- US regulators are coming for crypto.
- Over the past year, they have launched a barrage of proposals to regulate the industry.
DeFi is becoming enmeshed with the rest of the financial markets — leaving US regulators concerned about new risks.
That DeFi endangers consumers and the financial system at large, facilitates financial crime, and is being used to fund terrorist groups and America’s enemies.
Just last week, the Securities and Exchange Commission adopted a rule that DeFi lobbyists fear will force liquidity providers to shoulder a heavy compliance burden.
Let’s take a look at some of the newest regulatory proposals.
DEXs pulled into SEC’s orbit
The SEC has consulted on rules to widen the definition of “exchange.”
If approved, the new definition would force any electronic platform connecting buyers and sellers of securities to register with the regulator.
DeFi advocates say that could push the front ends of decentralised exchanges under the SEC’s authority.
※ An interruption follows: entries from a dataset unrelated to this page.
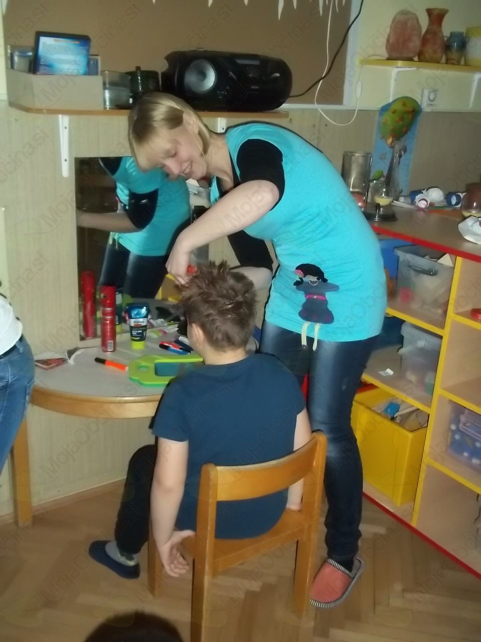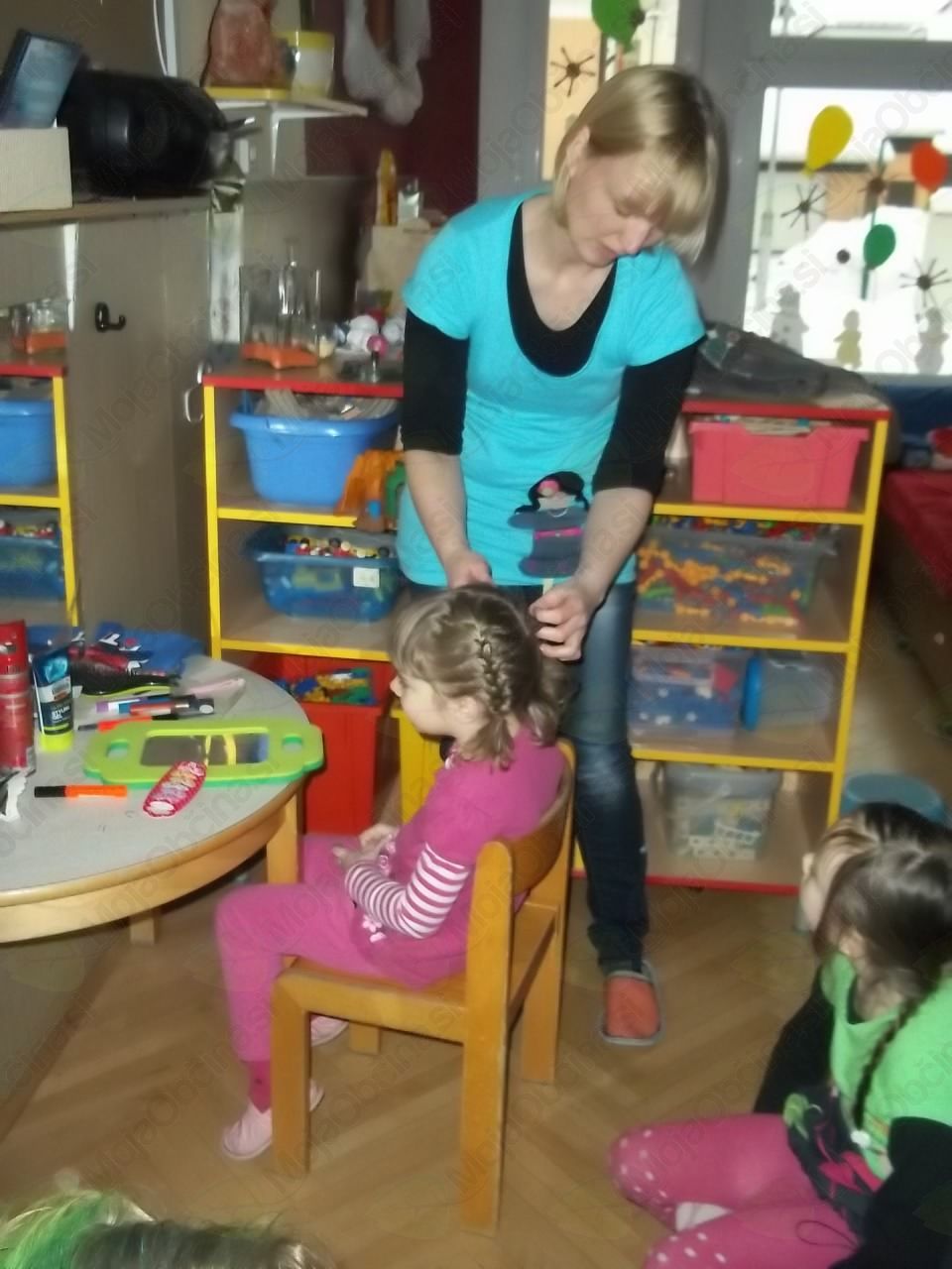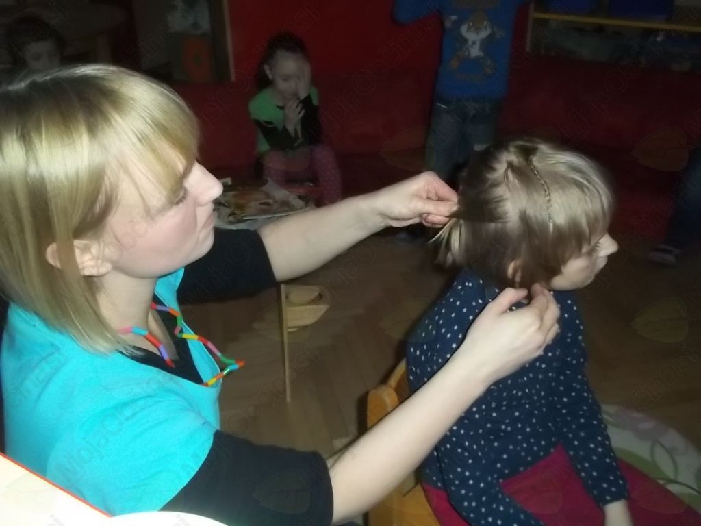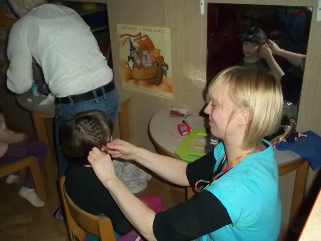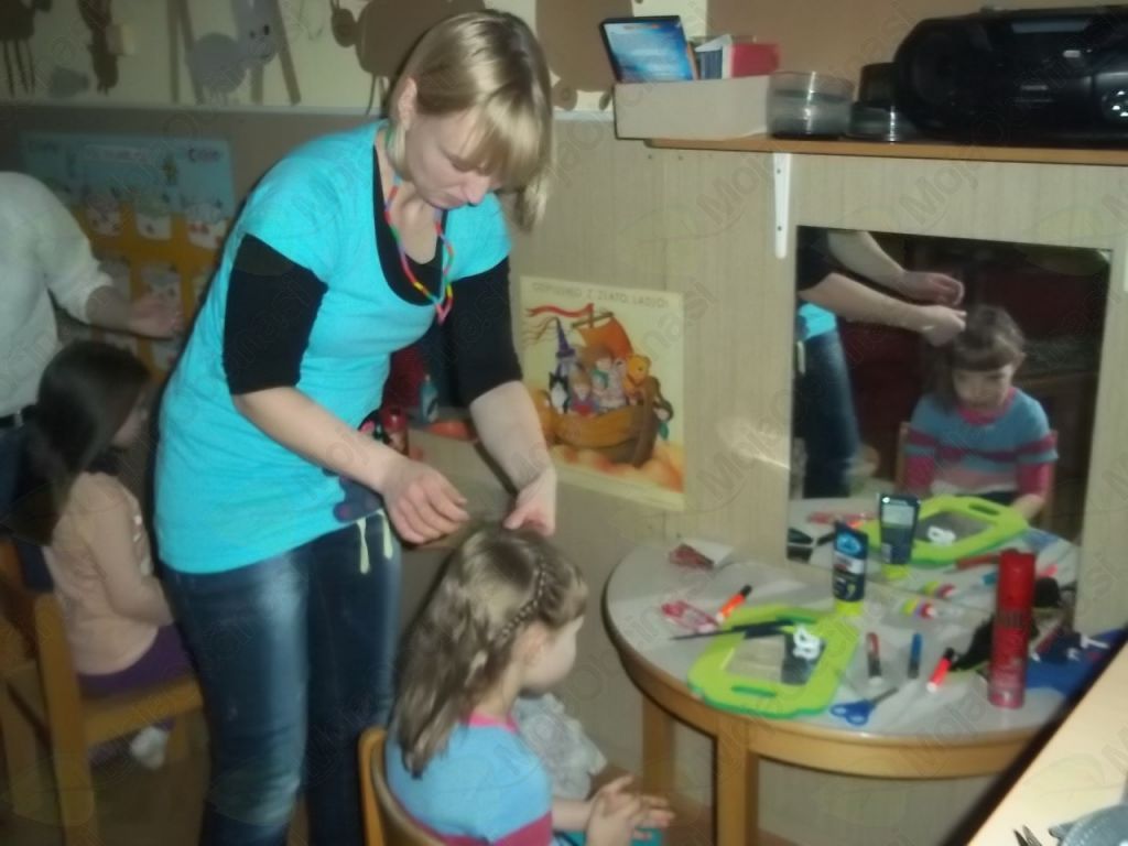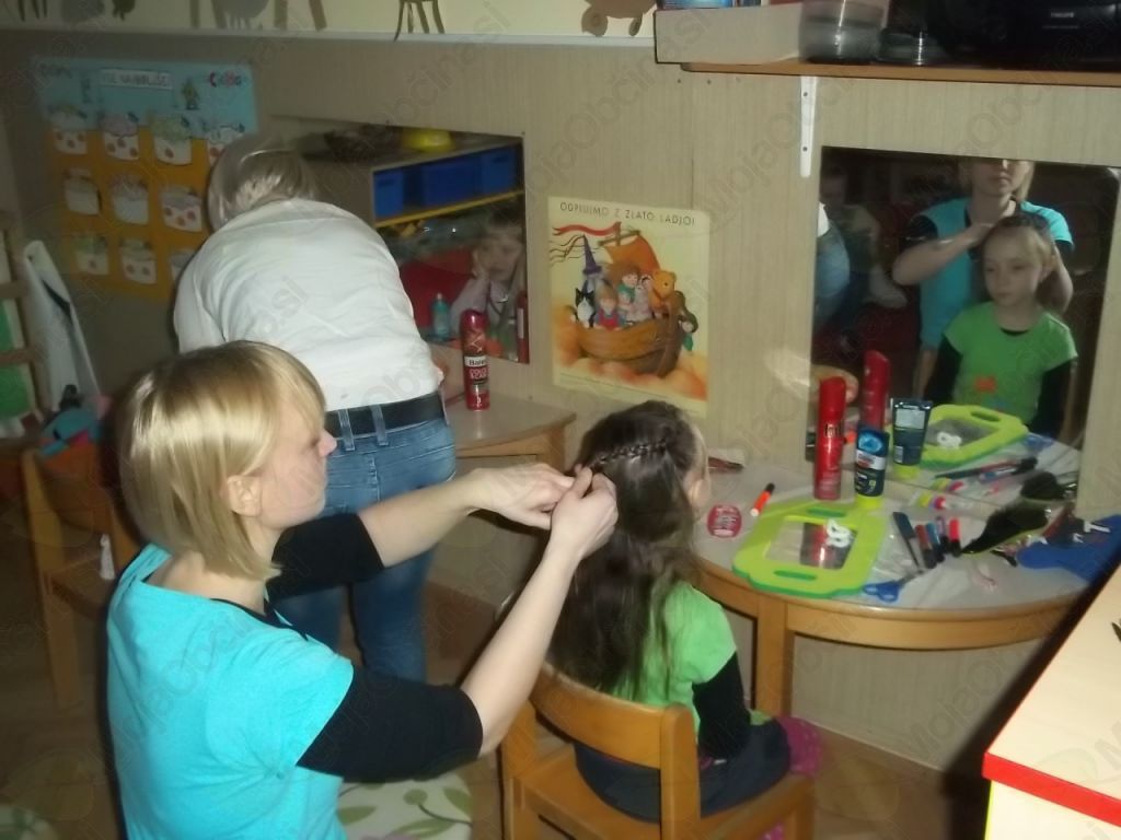 Tako smo našo igralnico spremenili v frizerski salon, kjer ni manjkala niti čakalnica, da so otroci, medtem ko so čakali na frizure, lahko prelistali kakšno revijo. Vida in Klavdija sta zavihali rokave in brž polepšali naše glave!
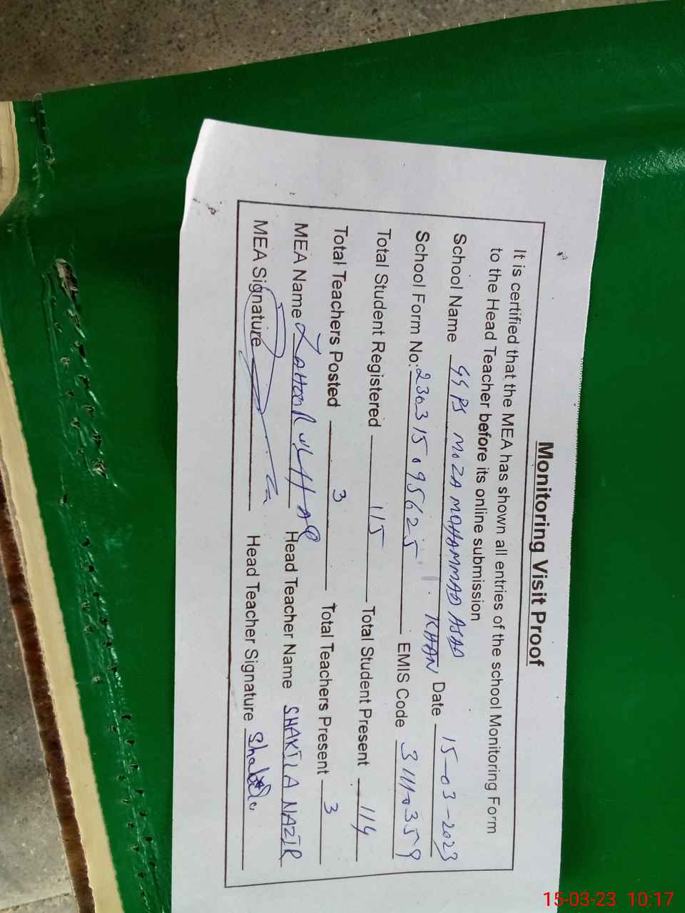 | Attendance Register | Head Teacher | MEA with School | Visit Proof |
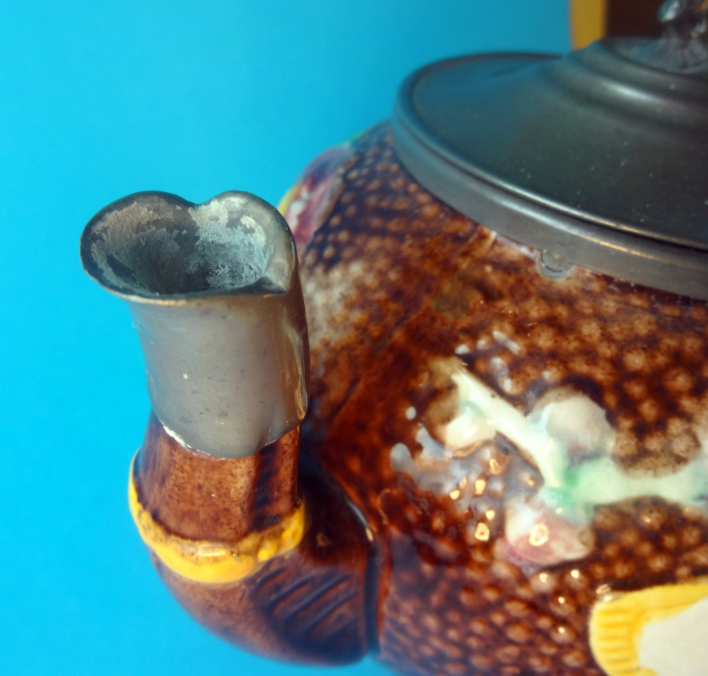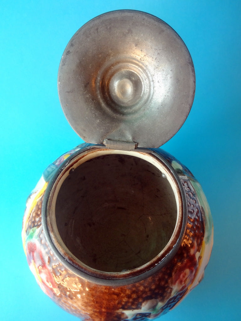 Beskrivelse: Orientalsk tekande, antagelig fremstillet i Kina, men eksporteret og monteret med tin i England.
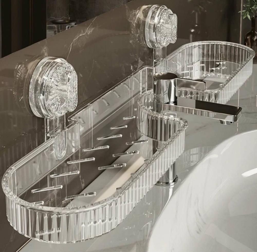 Полка настенная в ванную на вакуумной присоске, пластиковая, прямая под смеситель,без сверления стены
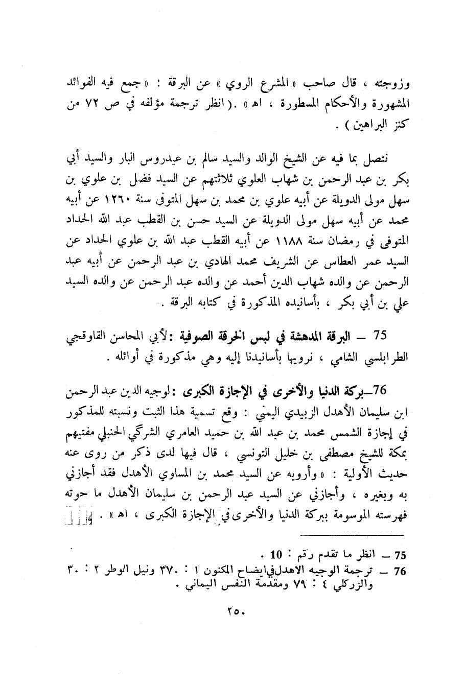 76 - بركة الدنيا والأخرى في الإجازة الكبرى (2) : لوجيه الدين عبد الرحمن ابن سليمان الأهدل الزبيدي اليمني: وقع تسمية هذا الثبت ونسبته للمذكور في إجازة الشمس محمد بن عبد الله بن حميد العامري الشركي الحنبلي مفتيهم بمكة للشيخ مصطفى بن خليل التونسي، قال فيها لدى ذكر من روى عنه حديث الأولية: " وأرويه عن السيد محمد بن المساوي الأهدل فقد أجازني به وبغيره، وأجازني عن السيد عبد الرحمن بن سليمان الأهدل ما حوته فهرسته الموسومة ببركة الدنيا والأخرى في الإجازة الكبرى، اه ".
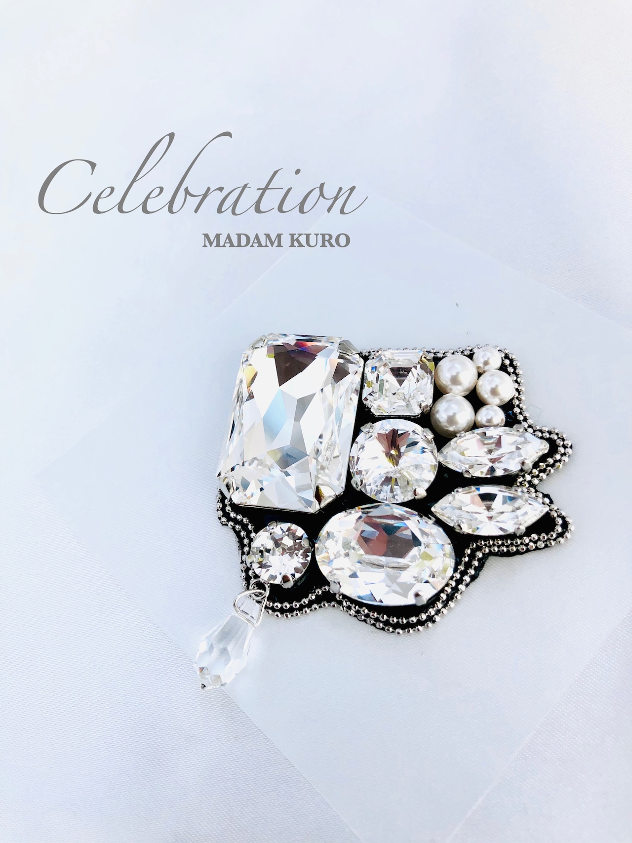 大きなスワロフスキー®️・クリスタルの美しさを存分に味わうことのできるブローチです。
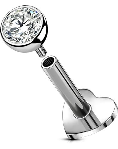 OUFER Kroppspiercing 16 g internt titan läpppiercing smycken klar CZ helix örhänge labret piercing smycken tragus snäcka knopp broskörhängen, 12mm, Titan, Kubisk zirkon
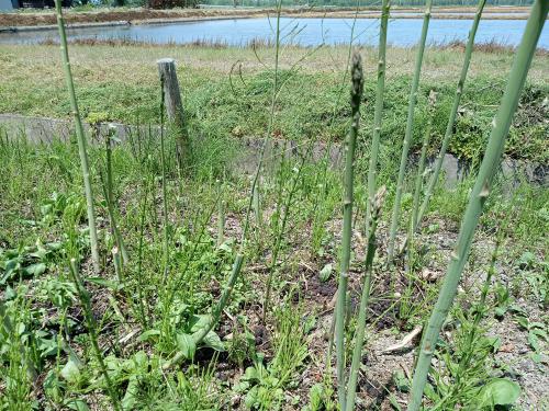 我が家のアスパラ、これも昨年からすると10日は遅いです、連休明けには出てましたがね今年は5月中過ぎでした、ほんの少しの場所、昨日ようやく周りの草刈り終わりました。畑の苗植えが一段落、トウモロコシと枝豆もポットに種植えおわったのでようやく草刈りしましたが、果樹の手入れにその周辺草刈り終わらずでした、そうこうしてると畑のツルモノ箇所の土むき出し部、あっという間に雑草出るのでシートしくか、マルチ敷きもしないとですね・・

That rule change isn’t final yet. Washington insiders say it’s been delayed by other priorities.
But it’s ready to go whenever the SEC gets around to adopting it.
Taxman comes for crypto
In August, the US tax authority proposed reporting rules that will force so-called “digital asset middlemen” — like DeFi and non-custodial wallet projects — to report the personal information of their customers.
The Internal Revenue Service is currently considering the deluge of comments it got from the public during its consultation process, which closed at the end of October.
Treasury cracks down on crypto mixers
Financial institutions that interact with blenders must file reports about suspicious transactions, including wallet details and customers’ personal information, if the rules are adopted.
The Treasury is currently digesting comments received from the public on this proposal.
Law enforcement agencies have tied the use of mixers to money laundering and as a way for cybercriminals to get away with stolen funds.
The CFPB strikes
Even the US’s financial product watchdog the Consumer Financial Protection Bureau has turned up the heat.
It recently proposed to regulate crypto wallet providers under the same framework as large banks.
All this activity points to how the government is getting to grips with DeFi.
But there’s a culture clash.
DeFi promoters say their users value privacy, and ordering them to supply personal information to authorities is constitutional overreach.
Even more fundamentally, they say, it’s impossible for decentralised projects to comply even if they wanted to, as regulation always assumes the existence of an intermediary.
Regulators counter that most DeFi projects aren’t very decentralised.
There’s almost always someone — investors, promoters, developers — reaping the rewards or making the decisions, and they can be held accountable for compliance breaches.
Polygon Labs Chief Legal Officer Rebecca Rettig recently published a paper in which she and her co-authors present a model for how DeFi could be regulated to prevent illicit financing.
The industry is realising regulation is inevitable and is getting out in front of how it could develop.